» WHAT IS BEING ASKED: The data below contains pictures, which are to be skipped; the lines starting at the line with "Stilleven van Japanse" and ending at the line with "随后,深圳市医院协会病案分会" are to be output exactly, both ends included.

» SUPPLIED RECORDS:
[Start of section]
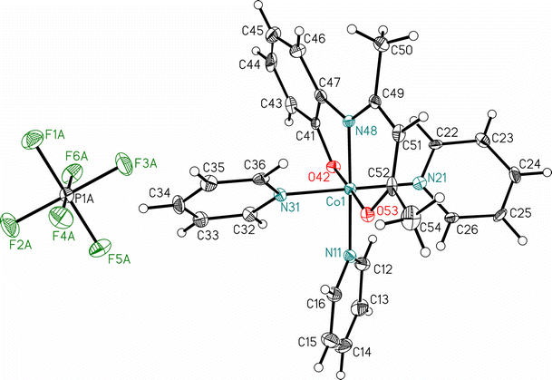 Perspective view of the complex, [CoL(py)3]+PF6 − with labelling scheme [17]. The displacement ellipsoids are drawn at 50 % probability level, hydrogen atoms are shown as spheres of arbitrary radii
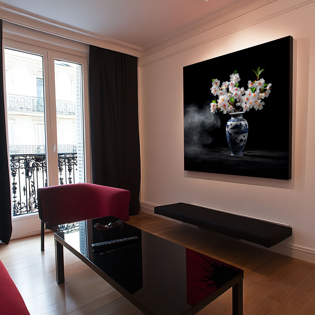 Stilleven van Japanse bloemen in porcelijnen vaas.
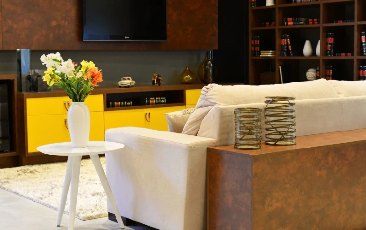 O sofá é o protagonista do ambiente, por isso você precisa que ele seja bem aconchegante – almofadas também ajudam nessa hora. Neste projeto da Italínea, de estilo mais moderno, foram escolhidas cores mais quentes para os móveis e, neste caso, o sofá veio como um neutralizador da paleta, já que trouxe um tom bem mais claro no centro do ambiente.
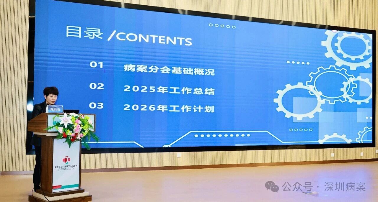 随后,深圳市医院协会病案分会会长陈彩霞就2025年度分会工作进行了系统总结。在回顾过去一年于病案管理、编码培训、质量控制等方面取得的进展时,特别提到分会在2024年度分支机构综合评定中,获评A+的优异成绩。这一成果是对过往工作的充分肯定,也为新一年的工作奠定了坚实基础。
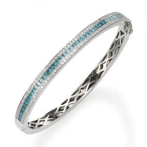 יהלומים לבנים וכאלו בצבע תכלת בהיר או אחרים המשלבים אבני ספיר בגוון כהה או טופז ואקווה מרין בהירות.
[End of section]
» SOLVED PROBLEM:
 Stilleven van Japanse bloemen in porcelijnen vaas.
 O sofá é o protagonista do ambiente, por isso você precisa que ele seja bem aconchegante – almofadas também ajudam nessa hora. Neste projeto da Italínea, de estilo mais moderno, foram escolhidas cores mais quentes para os móveis e, neste caso, o sofá veio como um neutralizador da paleta, já que trouxe um tom bem mais claro no centro do ambiente.
 随后,深圳市医院协会病案分会会长陈彩霞就2025年度分会工作进行了系统总结。在回顾过去一年于病案管理、编码培训、质量控制等方面取得的进展时,特别提到分会在2024年度分支机构综合评定中,获评A+的优异成绩。这一成果是对过往工作的充分肯定,也为新一年的工作奠定了坚实基础。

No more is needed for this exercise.